24. In order to give effect to the Executive decisions, the
Government of India introduced a bill in March 2001 for the
amendment of the 1956 Act. After the bill was passed, Section 13 of
the Act got amended. By this Amendment Act 34 of 2001, two
provisos and an Explanation were inserted under subsection (4) of
14
Section 13. In addition, subsections (4A), (4B) & (4C) were also
inserted under Section 13(4).
25. Subsection (4A), (4B) and (4C) of Section 13 inserted by Act
34 of 2001 read as follows:
(4A) A person who is a citizen of India and obtains
medical qualification granted by any medical institution
in any country outside India recognized for enrolment
as medical practitioner in that country after such date
as may be specified by the Central Government under
subsection (3),shall not be entitled to be enrolled on
any Medical Register maintained by a State Medical
Council or to have his name entered in the Indian
Medical Register unless he qualifies the screening test
in India prescribed for such purpose and such foreign
medical qualification after such person qualifies the
said screening test shall be deemed to be the
recognised medical qualification for the purposes of
this Act for that person.
(4B) A person who is a citizen of India shall not, after
such date as may be specified by the Central
Government under subsection (3), be eligible to get
admission to obtain medical qualification granted by
any medical institution in any foreign country without
obtaining an eligibility certificate issued to him by the
Council and in case any such person obtains such
qualification without obtaining such eligibility
certificate, he shall not be eligible to appear in the
screening test referred to in subsection (4A):
Provided that an Indian citizen who has acquired the
medical qualification from foreign medical institution or
has obtained admission in foreign medical institution
before the commencement of the Indian Medical
Council (Amendment) Act, 2001 shall not be required to
obtain eligibility certificate under this subsection but,
if he is qualified for admission to any medical course
for recognized medical qualification in any medical
institution in India, he shall be required to qualify only
the screening test prescribed for enrolment on any
15
State Medical Register or for entering his name in the
Indian Medical Register.
(4C) Nothing contained in subsections (4A) and (4B)
shall apply to the medical qualifications referred to in
section 14 for the purposes of that section.
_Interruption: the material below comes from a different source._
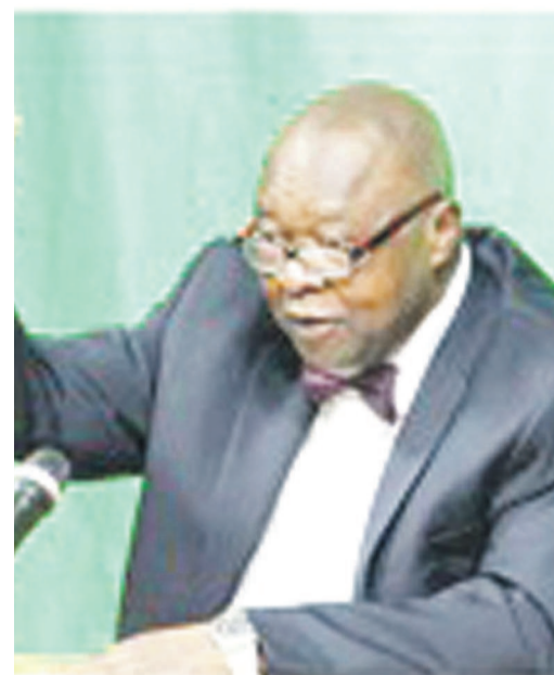
Le ministre des Sports, Banza Mukalay

vau de constructions et de réhabilitations des stades devant accueillir ces matchs ainsi que d'autres infrastructures connexes.

26. As seen from the aforesaid provisions, subsections (4A)& (4B)
of Section 13 operated in two different time zones, namely pre
admission to the course and postcompletion of the course. While
Subsection (4B) spoke about an eligibility certificate to be obtained
by a candidate before seeking admission to any medical institution
in any foreign country, subsection (4A) spoke about a
screening
test in India, the passing of which was necessary, to get enrolled on
any Medical Register.
27. After the insertion of subsections (4A) and (4B), two sets of
Regulations were put in place. One was the “Eligibility Requirement
for taking admission in an undergraduate medical course in a
Foreign Medical Institution Regulations, 2002”, and another was
“Screening Test Regulations, 2002”.
28. Regulations 3 and 4 of the Screening Test Regulations, 2002
read as follows:
“3. An Indian citizen or a person who has been granted
Overseas Citizenship of India possessing a primary
medical qualification awarded by any medical
institution outside India who is desirous of getting
provisional or permanent registration with the Medical
16
Council of India or any State Medical Council on or
after 15.03.2002 shall have to qualify a screening test
conducted by the prescribed authority for that purpose
as per the provisions of section 13 of theAct:
Provided that a person seeking permanent registration
shall not have to qualify the screening test if he/ she
had already qualified the same before getting his/ her
provisional registration.
4. Eligibility Criteria: No person shall be allowed to
appear in the screening test unless:
(1)No persons shall be allowed to appear in screening
test unless:he/she is a Citizen of India or has been
granted Overseas Citizenship of India and possess any
primary medical qualification, which is confirmed by
the Indian Embassy concerned, to be a recognized
qualification for enrolment as medical practitioner in
the country in which the institution awarding the said
qualification is situated
(2) he/ she had obtained ‘Eligibility Certificate’ from
the Medical Council of India as per the ‘Eligibility
Requirement for taking admission in an
undergraduate medical course in a Foreign Medical
Institution Regulations, 2002’. This requirement shall
not be necessary in respect of Indian citizens or
Overseas Citizens of India who have acquired the
medical qualifications from foreign medical institutions
or have obtained admission in foreign medical
th
institution before 15 March, 2002.
(3) He/She has studied for the medical course at the
same institute located abroad for the entire duration of
the course from where he/she has obtained the
degree.
Provided in cases where Central Government is
informed of condition of war, civil unrest, rebellion,
internal war or any such situation wherein life of
Indian citizen is in distress and such information has
been received through the IndianEmbassy in that
country then the Council shall relax the requirement
of obtaining medical education: from the same
institute located abroad in respect of which
communication has been received from the Indian
Embassy in that country.
17
(4) Provided further that a person seeking provisional or
permanent registration shall not have to qualify the
Screening Test if he/she holds an Undergraduate
medical qualification from Australia/Canada/New
Zealand/United Kingdom/United States of America and
the holder thereof also been awarded a Post Graduate
medical qualification in
Australia/Canada/NewZealand/United Kingdom/United
States of America and has been recognized for enrolment
as medical practitioner in that country.”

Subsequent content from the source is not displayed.